Regione, mozione di sfiducia: Zingaretti rischia. Ma nel centrodestra e M5S c'è dibattito

Pubblicato: Mercoledì, 28 Novembre 2018 - redazione politica

REGIONE (politica) - Partiti e movimenti in fermento: far cadere o no il Governo del Lazio?

ilmamilio.it 

Dovrà essere discussa entro il 13 dicembre e rischia di far fare un capitombolo clamoroso al govenatore del Lazio Nicola Zingaretti. E' la mozione di sfiducia firmata dai consiglieri di Forza Italia, Lega e Fratelli d'Italia. Fuori dall'appello, momentaneamente, due esponenti dell'ex maggioranza che hanno sostenuto Stefano Parisi (Cangemi, Cavallari) e Sergio Pirozzi, l'indipendente ex sindaco di Amatrice. 

carne fresca

Nel M5S e nel centrodestra il dibattito è in corso. Che fare? Zingaretti non ha una maggioranza in Aula, la sua permanenza è frutto sostanzialmente di un equilibrismo di abilità politica e si appoggia a due consiglieri ex centrodestra che per qualcuno non è escluso che ritornino a casa. A quel punto per il governatore sarebbe la fine e in tal caso si potrebbe dimettere prima di arrivare al voto al consiglio regionale. La faccenda però non è così scontata. Perché la sindrome del braccino corto, in questi casi, può giocare brutti scherzi. 

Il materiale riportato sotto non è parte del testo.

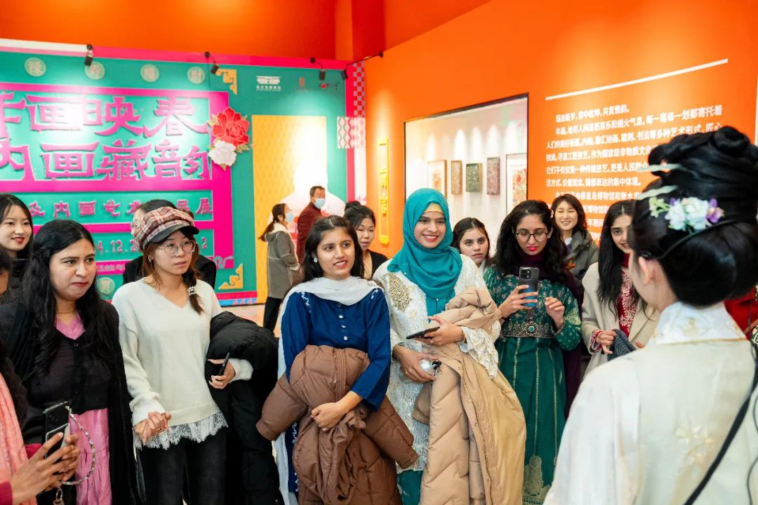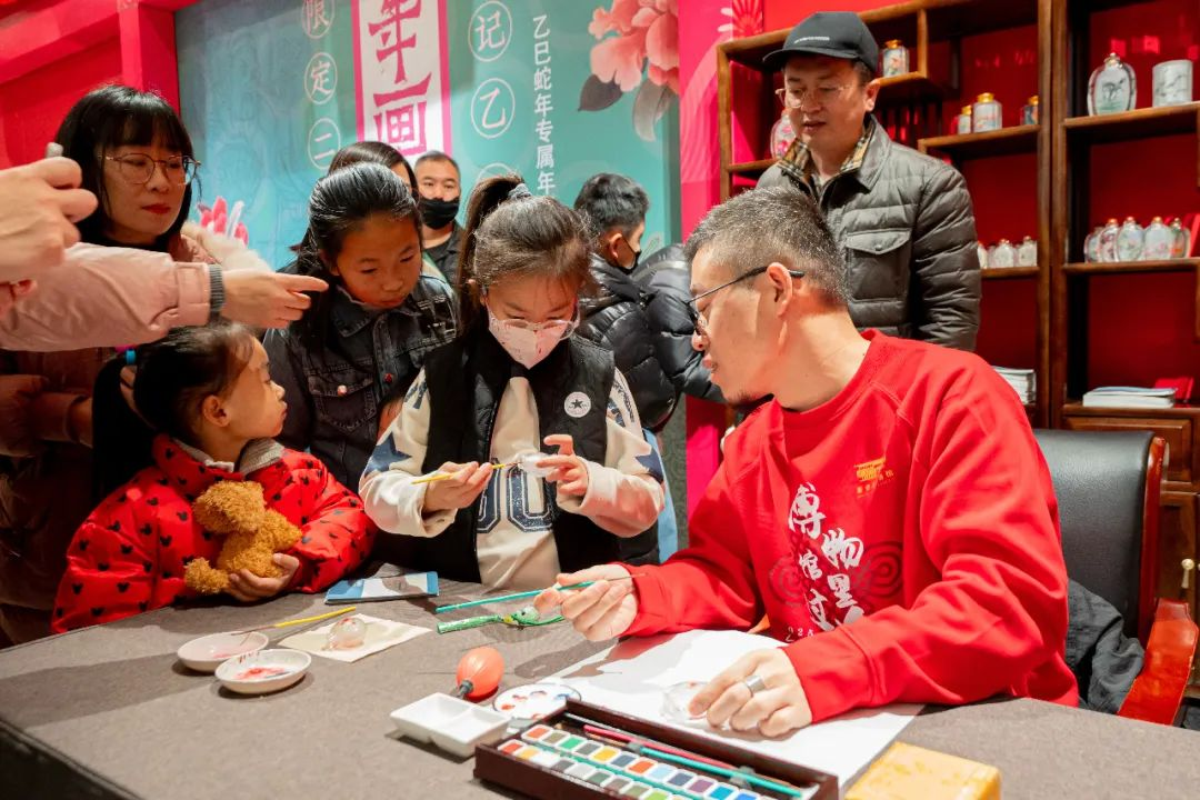为丰富展览内容,增强互动体验,博物馆为观众精心准备了木板画展演及互动体验,特邀河北省工艺美术大师粘跃峰现场展示内画工艺,还推出了具有传统年画特色的48枚打卡印章,供观众体验。针对青少年,组织了“拾年味 赏年画——木版年画体验”主题社教活动,带领青少年近距离观赏年画精品,探索年画背后的民俗故事,体验手工制作年画。木板画体验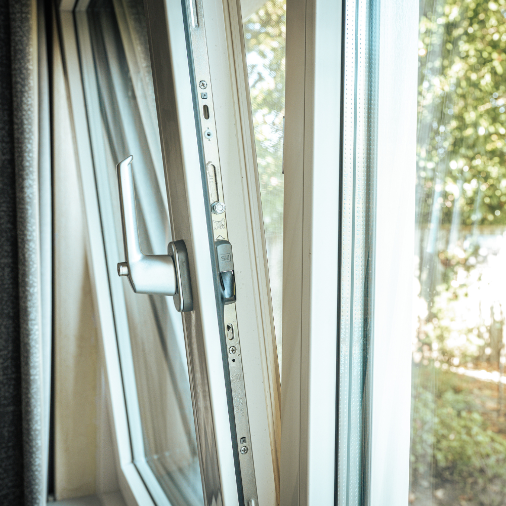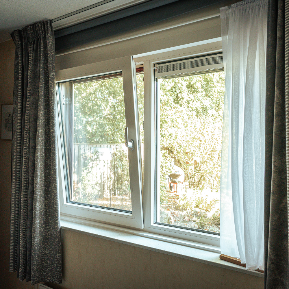 Een deel van de kozijnen is uitgevoerd met draai-kiepramen, wat zorgt voor extra ventilatiemogelijkheden en gebruiksgemak. Deze ramen zijn bovendien voorzien van horren, zodat de woning goed geventileerd kan worden zonder last te hebben van insecten. Ideaal met het voorjaar en de zomer in aantocht.

Il M5S parrebbe spaccato sulla decisione. I rumors di palazzo affermano che cinque consiglieri sarebbero a favore della caduta e cinque contro. Si deciderà a breve. Qualcuno nelle scorse ore ha sussurrato di un fantomatico e abbastanza fantasioso "contratto di governo" col PD, ma questo rischierebbe di incrinare i rapporti con la Lega in sede di governo nazionale e apparirebbe come un controsenso sugli intenti originari. Anche se, pensano i più maligni, fermare la caduta di Zingaretti equivarrebbe a bloccare anche l'ascesa al governo della regione della Lega stessa. Stesso discorso si potrebbe fare per quella parte del centrodestra non convintissima del crac regionale in anticipo sui tempi. Fari puntati dunque su tre consiglieri - Pirozzi, Cavallari e Cangemi - ma anche sui vari dibattiti interni.

Certo è che si dovesse ricompattare tutta l'area di opposizione, per Zingaretti sarebbe la fine, con inevitabili strascichi anche nella sua competizione a leader del PD.